The return date was set for the summer of 1967 and I must say it was not easy bidding farewell to so many friends that made our stay memorable to say the least. Television shows, movies, music and trends of the 50s and 60s came back with me. But it was time to immerse myself in Ecuador in every way possible, while validating my high school diploma, taking entry tests for college and even brushing up on my Spanish in an effort to vanish my subtle English accent. And I needed to find a job, which came about without even trying. A cousin of mine found me a job as a tour guide at one of the largest inbound tour companies at the time. So, I was pretty much juggling my time between school, Ecuadorian ambience, culture and life-style, as well as work. It was a crazy five-year transition in which my major, Agricultural Engineering, introduced me to the most remote and beautiful regions that I gradually started to share with my American tourist guests. In addition, my having lived so many years in the States granted me the unique opportunity to better understand the American mindset and, most importantly, give back to my guests the countless episodes of friendship and support during those two decades of my life. This is without a doubt the reason why to this day tourism is my passion, where initially the uniqueness of a new destination is only enhanced by having guests realize that the world has more things in common that bring us together. Tourism promotes peace and understanding, generates income directly to all those involved (in Ecuador, 1 out of every 7 people are engaged in some facet of tourism) and helps us appreciate foreign visitors who in turn can open up our eyes to the uniqueness of our country. Soon enough, I was baptized by my classmates with the nickname of “one dollar”, then a rather rare currency in Ecuador.

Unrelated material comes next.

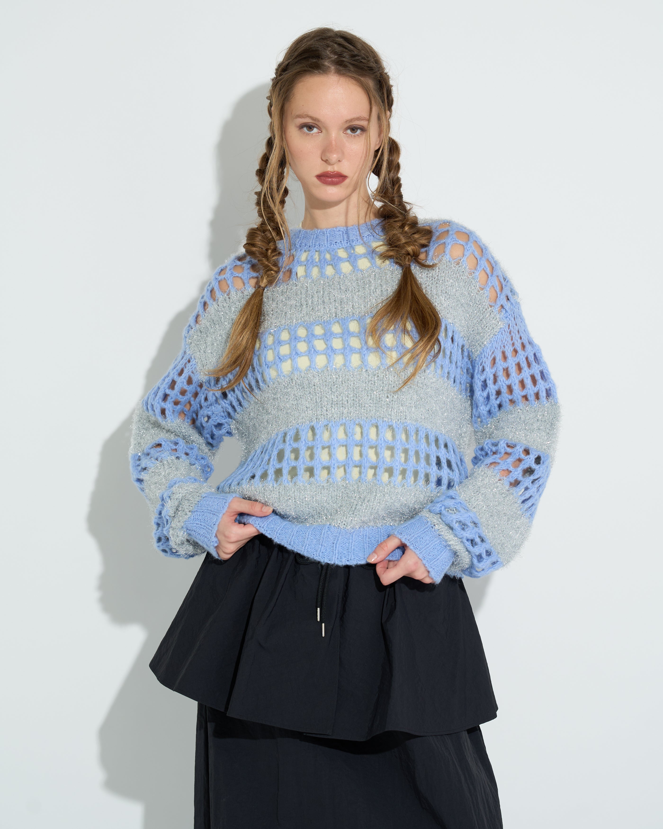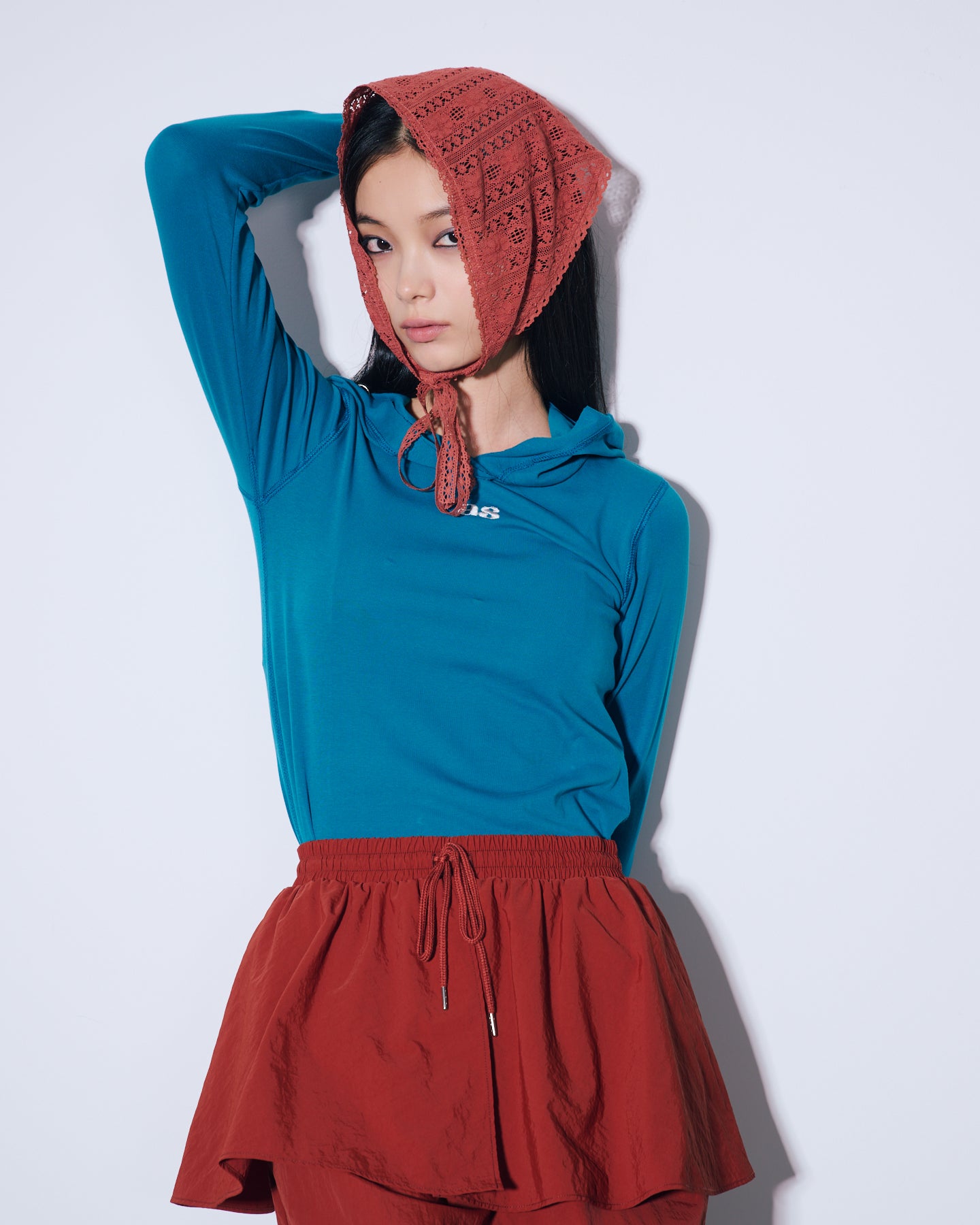 スポーティーな印象のメッシュ素材と女性らしいレース素材のコントラストが新鮮な印象を与えてくれます。

Today, I still consider myself an expat from NYC that “moved” to Ecuador and stayed. With our Galapagos Islands, beautiful Pacific beaches, towering snowcaps over ever-green fields and the mysterious Amazon basin, who could ask for more? Additionally, when it’s time for me to retire (which is still some time from now in my agenda), I don’t have to go anywhere. I am already here, in fabulous Ecuador!
*Oswaldo Muñoz is the founder and CEO of Nuevo Mundo Expeditions. This is the first post in the Anniversary series.